Roughly 320 million in rural China do not have access to safe drinking water, and for 91 million the problem is water source pollution.  One of the greatest contributors to water pollution is agricultural run-off, especially from livestock farms. According to a 2007 national census, the livestock industry dumped 243 million tons of untreated feces and 163 million tons of urine into waterways,  and contributed 98%, 38% and 56% of total chemical oxygen demand (COD), nitrogen and phosphorus in the run-off. While the government has pledged billions of RMB for a clean-up effort, increasing livestock production will only exacerbate the problem.

Deserts
Excessive overgrazing is estimated to contribute to about 30% of desertification in Northern China. As the dessert expands ever southward, thousands of small villages have been forced to relocate.

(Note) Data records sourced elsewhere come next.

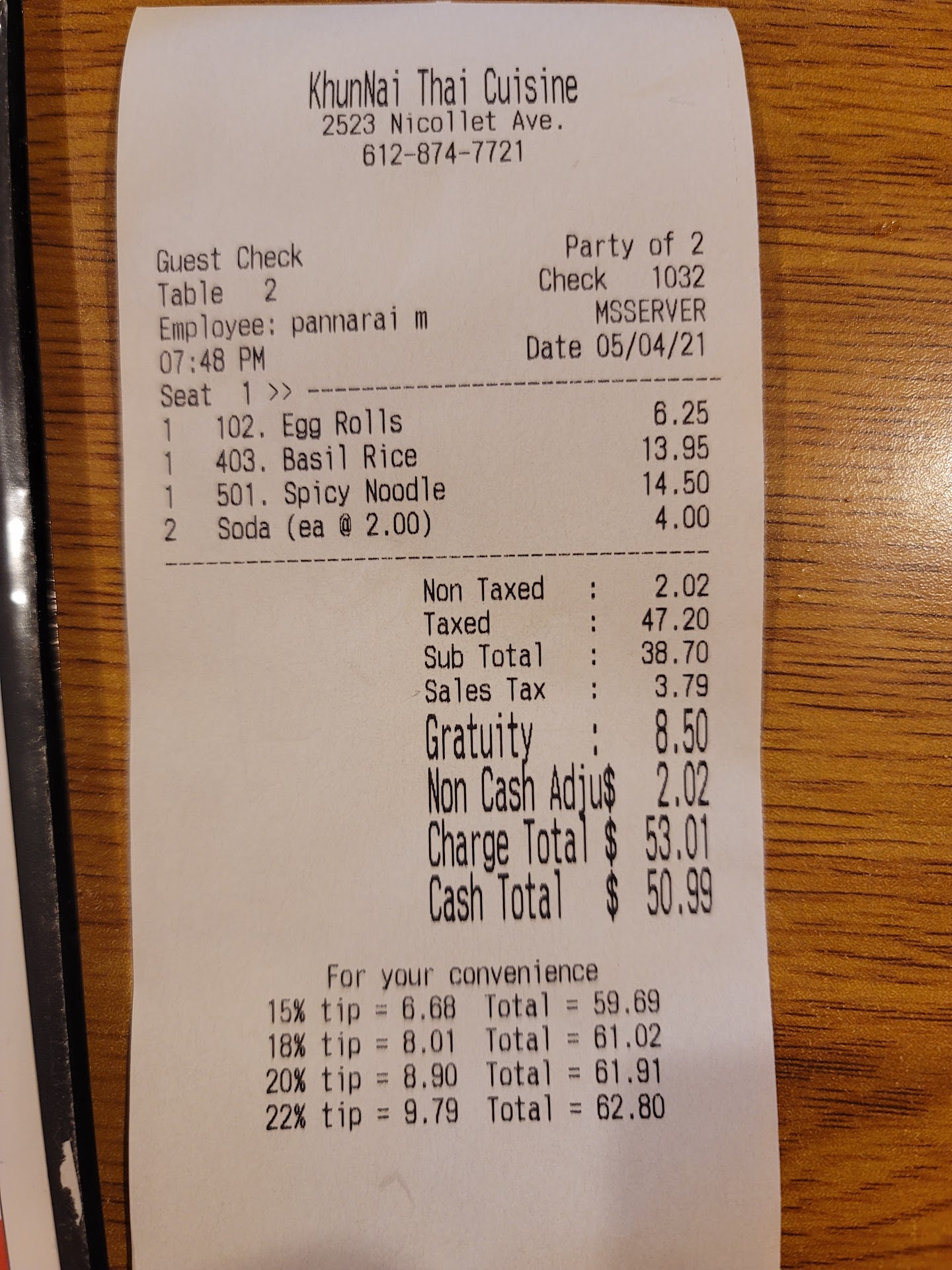 Read moreThe food was okay. I ordered the combo fried rice and the shrimp spicy rice noodles. The problem was the bill. My total for food and drinks was $38.70 and with 8.1% tax (I think that's what Minneapolis tax is) it should have been $41.84. Well, I noticed they charged 20% gratuity which was an additional $8.50. Also, I noticed there was another charge for $2.02 that stated "non taxed", then there was another charge that stated "charge total" which was a fee for using your credit card. When I asked the server why there were those extra charges she said that "gratitude is automatically charged because of COVID and you get taxed on the gratitude charge because the owner does not give the servers that "gratitude" charge to them as tips, that gratitude is for the restaurant. Well on top of all of that, we were asked and expected to still leave what is considered a "tip" that will then go to the server and you will not be taxed for. They suggested the tip amount at the bottom of the receipt based of the grand total after all those extra charges. This was a bad service in my opinion and seems like scam to charge all those additional amounts and still get taxed. Seems fishy and illegal. I hope this gets to the right authorities and gets revised. I never have a problem paying for a service and specially when it comes to tips, but when I see stuff like on my bill, it...
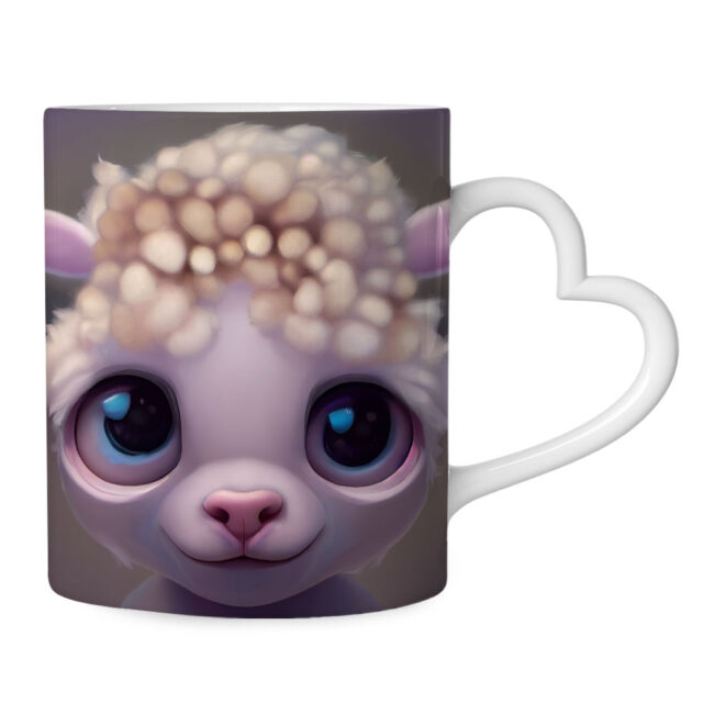 Sheep Head Mug with Heart Handle – Farm Animal Mug – Funny Ceramic Mug
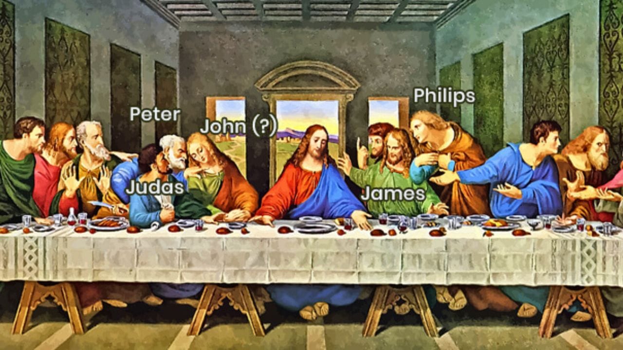 બાઇબલ મુજબ, જ્યારે ઇસુ કહે છે કે “તમારામાંથી એક મને દગો કરશે”, ત્યારે તેના શિષ્યોમાંના એક “ફિલિપ્સ” પૂછે છે “પ્રભુ, શું હું તે દેશદ્રોહી છું?”. જીસસ ભવિષ્યવાણી કરે છે કે તેનો દગો આપનાર તેની સાથે બ્રેડનો ટુંકડો ઉઠાવશે. આપણે જોઈ શકીએ છીએ કે તેના એક શિષ્ય “જેમ્સ” જીસસ આ બોલ્યા પછી તેના હાથ પાછળ કરી નાખે છે. અન્ય શિષ્ય “જુડસ” નું ધ્યાન “પીટર” અને “જ્હોન” ના શબ્દોથી વિચલિત થાય છે અને તેણે બ્રેડ લેવા માટે હાથ લંબાવ્યો અને તે જ સમયે ઈસુએ પણ બ્રેડ ઉપાડવા હાથ લંબાવ્યો. બ્રેડ. જેમ આપણે પેઇન્ટિંગમાં જોઈ શકીએ છીએ “જુડસ” એ વ્યક્તિ હતો જેણે ઈસુને દગો આપ્યો હતો.
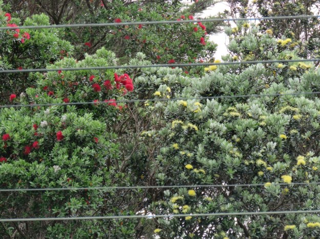 The red pohutukawa make better landscape trees but the yellow is certainly an interesting variant, plus power lines

With demand rising for animal products, overgrazing will continue to be a problem. According to the Lester Brown, President of the Earth Policy Institute, the situation is grim:

While overplowing is now being partly remedied by paying farmers to plant their grain land in trees, overgrazing continues largely unabated. China’s cattle, sheep and goat population tripled from 1950 to 2002. The United States, a country with comparable grazing capacity, has 97 million cattle. China has 106 million. But whereas the United States has 8 million sheep and goats, China has 298 million. Concentrated in the western and northern provinces, sheep and goats are destroying the land’s protective vegetation. The wind then does the rest, removing the soil and converting productive rangeland into desert. Northwestern China is on the verge of a massive ecological meltdown.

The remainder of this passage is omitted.